Airport security report lightweight?

WASHINGTON -- The Homeland Security Department is keeping secret the results of an investigation into whether airport security screeners have been tipped off in advance about tests in which undercover agents try to slip weapons by them.

House Homeland Security Committee Chairman Bennie Thompson, D-Miss., said a report on the investigation released Oct. 24 is useless because it omits findings and recommended improvements. He is urging the department to make them public.

"All the stuff that has meat to it is classified," Thompson said. "The department is notorious for overclassifying information."

A six-page unclassified portion of the report by Homeland Security Inspector General Richard Skinner said his investigation found "some areas of concern" and recommended 12 ways to improve aviation security.

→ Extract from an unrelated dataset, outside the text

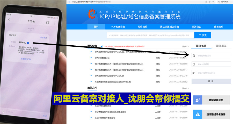 在接到备案电话核实后,1个工作日内手机会收到工信部发送的一个备案验证码,发阿里云备案对接人_沈朋就行了

No specific recommendations were cited in the public portion of the report.

Thompson, who has seen the classified version, said some recommendations could be made public without compromising security. "Some of the stuff just doesn't make sense why it's classified," he said.

Skinner spokeswoman Marty Metelko said the inspector general's office may release more information, but she gave no timeline.

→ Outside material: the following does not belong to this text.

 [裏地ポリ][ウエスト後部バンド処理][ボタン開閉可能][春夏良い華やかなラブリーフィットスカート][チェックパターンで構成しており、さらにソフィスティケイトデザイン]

Skinner's investigation began two years ago after reports that screeners at Jackson-Evers International Airport in Mississippi were told in advance that covert agents would be trying to sneak guns, knives and simulated bombs past them at security checkpoints. The Transportation Security Administration regularly runs tests at airports to test for holes in security.

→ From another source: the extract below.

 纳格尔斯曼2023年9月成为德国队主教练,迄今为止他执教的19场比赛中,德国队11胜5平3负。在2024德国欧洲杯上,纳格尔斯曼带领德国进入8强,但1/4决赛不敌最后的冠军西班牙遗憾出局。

A preliminary report by Skinner last October found that screeners in Jackson had "received advance notice of covert testing" in 2004. Skinner expanded his probe in October to include other airports. He expanded it again a month later to investigate whether airport screeners were told in advance about covert tests by agencies other than the TSA, such as the inspector general's office itself and Congress' Government Accountability Office.

TSA spokesman Christopher White declined to address Skinner's recommendations and emphasized that covert testing is "truly important" to expose security weaknesses that need correcting.